Earth Overshoot Day 2016, the date when humanity exhausted nature’s budget for the year, fell on 8 August. As the Earth’s finite resources become further depleted, designers are reinventing our abundance of waste, using it to create precious artifacts and useful new products. One readily available material that could prove an extraordinary resource is a human hair.
With the population expected to exceed nine billion within the next few decades, hair is one of the few materials that is actually increasing in supply globally. Hair is no longer used in design simply for its shock factor. Today, the traditional aesthetics of hair are being challenged to create new solid surfaces, patterns, and textiles, with designers, also harnessing the potential of hair’s tensile strength, lightweight, and recyclable qualities to produce innovative and useful products.
Hair Highway by Studio Swine explores hair as a natural composite. By combining hair with natural resin, Studio Swine has created beautiful wood-like solid surfaces, with a tortoiseshell-style aesthetic and a grain which resembles exotic hardwood.
Human hair can grow up to 16 times faster than tropical hardwood trees, which take up to 300 years to reach maturity. With the planet’s natural resources diminishing through relentless deforestation, hair could become a sustainable alternative for the paper and hardwood industries. Recent Royal College of Art graduates Martijn Rigters and Fabio Hendry has also considered hair as a sustainable alternative. The Colour of Hair is a project which explores the potential for waste hair from the hairdressing industry to become printing matter, showcasing a new process that turns hair into a sustainable ink for printing on metals.

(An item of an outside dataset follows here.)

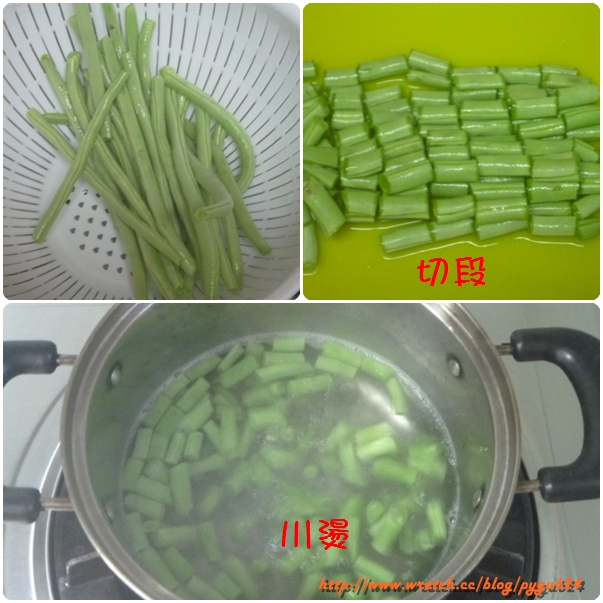 所以這次是把敏豆切小段燙熟燙軟給小貝果當手指食物吃~還蠻適合的!!
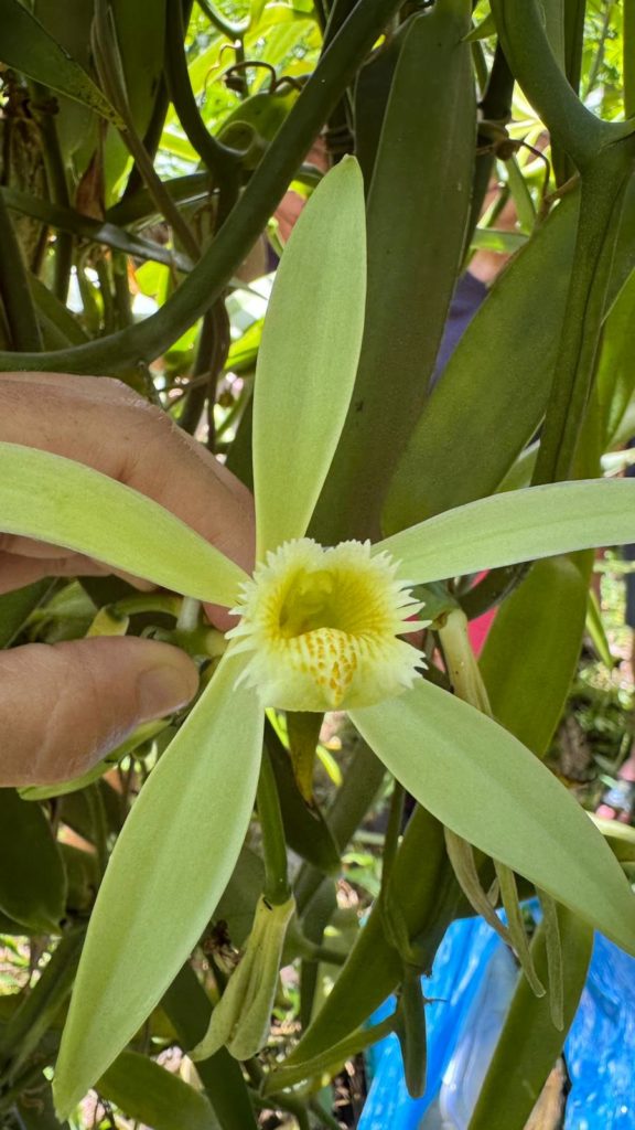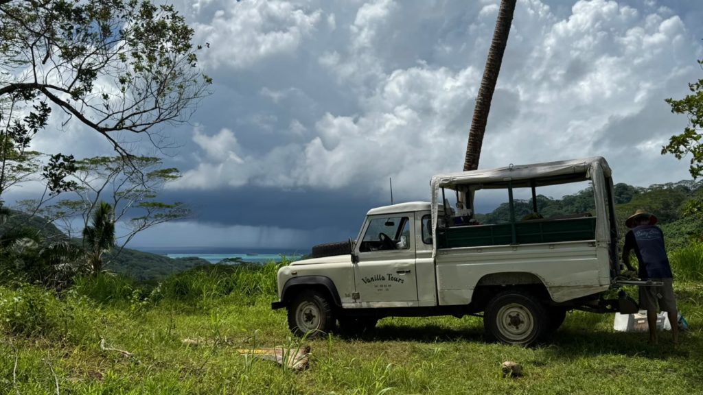 Danach wartet bereits der 4×4-Jeep. Im Wagen steht ein Gefäß mit Zitronenwasser, ausserdem hat Noah Trinkkokosnüsse und Obst aus seinem Garten dabei. Mit ein paar schnellen Schnitten seiner Machete zeigt er eine kleine Alltagstechnik: aus den Stielen von Papayablättern lassen sich erstaunlich gute, komplett natürliche Trinkhalme herstellen. Der erste Stopp führt zu einer kleinen Vanilleplantage. Noah erklärt, warum Vanille in Polynesien aufgrund der aufwändigen Produktion so teuer ist. In ihrer ursprünglichen Heimat Südamerika übernimmt eine spezielle Biene die Bestäubung der Blüten. Auf Taha’a fehlt dieses Insekt – deshalb wird jede einzelne Blüte von Hand bestäubt. Dies wird Vanilla Wedding genannt. Aus jeder Blüte wächst später genau eine Schote. Nach etwa sieben Monaten erfolgt die Ernte, gefolgt von einem monatelangen Prozess aus Trocknen, Fermentieren und wiederholtem Massieren der Schoten, bis die aromatische schwarze Vanille entsteht, für die die Insel bekannt ist.

The New Age of Trichology by Central Saint Martins material futures MA graduate Sanne Visser explores the potential of human hair as a design resource, creating an array of utilitarian products such as rope, bungee cord, and netting.
By using hair as a raw material, Visser not only reduces the levels of harmful waste entering the environment but also relieves the pressure on non-renewable materials. Zsofia Kollar’s work focuses on the unique oil-absorbing properties of hair. Kollar used blonde hair to embroider a large tapestry, before spraying the piece with essential oils to gradually perfume the surrounding space.
Kollar has also used human hair to create jewelry and a table piece, also sprayed with essential oils to emit scent. Holistic and meaningful, the work of Sybille Paulsen uses the hair of cancer patients to create beautiful jewelry. Combining patients’ hair with colored wool, copper, brass, silver, gold, and cast-resin, Paulsen creates pieces with personal significance for each of her clients.
With the planet’s natural resources diminishing through relentless deforestation, hair could become a sustainable alternative for the paper and hardwood industries.